[Math] Show that $f$ maps the entire unit disc onto itself.

Question

Suppose $f$ is analytic in the unit disc $D(0,1)$ and maps the unit circle into itself. Show then that $f$ maps the entire disc onto itself.
So the outline wants us to use the Max Modulus Theorem to show that $f$ maps $D(0,1)$ into itself. Then, use the fact that we proved that if $f:S \to T$, $f$ non-constant and analytic on $S$, and if $f(z)$ is a boundary point, $z$ is a boundary of $S$ to show that the mapping is onto.
I'm not sure if mapping the unit circle into itself means that $|f|=1$ on the unit circle. Also is the unit disc compact? Thanks!

Answer 1

If $w \in D$ and $w \not \in f(D)$ then $$ z \mapsto \frac{1}{f(z)-w} $$ is holomorphic on $\overline{D}$. By the maximum modulus principle, for any $z \in D$ $$ \left|\frac{1}{f(z)-w}\right| \leq \max_{\omega \in \partial D} \left| \frac{1}{f(\omega)-w} \right| \leq \max_{\omega \in \partial D}\frac{1}{\left||f(\omega)|-|w|\right|} = \frac{1}{1-|w|} $$ so $|f(z) - w| \geq 1-|w|$. This means that $D \setminus f(D)$ is open. By the open mapping theorem either $f$ is constant or $f(D)$ is open. The latter implies that $f(D)=D$ since $D$ is connected. Moreover, the image of a compact set under a continuous function is compact. Therefore if $f$ is not constant then $f(\overline{D}) = \overline{D}$.
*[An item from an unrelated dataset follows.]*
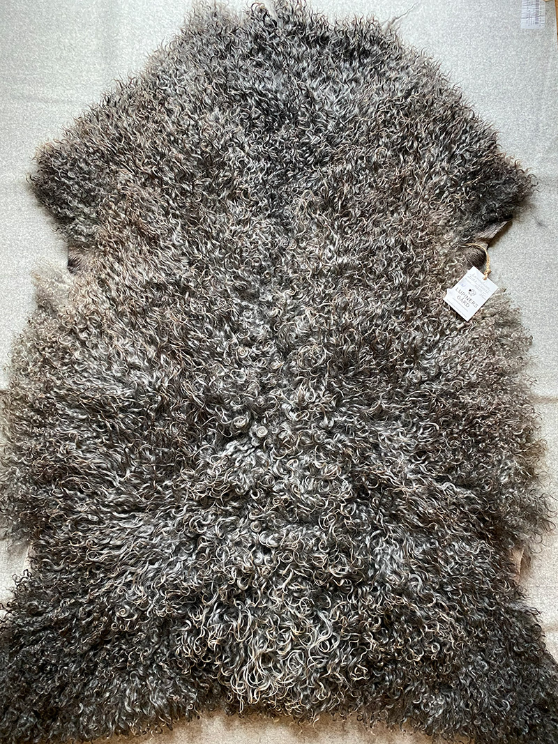 Lammskinn med den långa ullen kvar. Grå botten med ljusare toppar i bruna toner och ett virvarr av lockar.

Or, alternatively, this bound shows that $w$ can be moved in a straight line towards $0$ while the radius of the "image free" disc around it increases. For $w=0$ the bound becomes $|f(z)| \geq 1$ so that $f(D) \cap D = \emptyset$. So either $f(D)$ contains all of $D$ or avoids it entirely. In the latter case $f$ maps into the unit circle. This would mean that $\overline{f} = f^{-1}$ but $\overline{f}$ can be holomorphic (complex differentiable) only if $f'$ vanishes identically. The conclusion is that either $f(D)=D$ or $f$ is constant.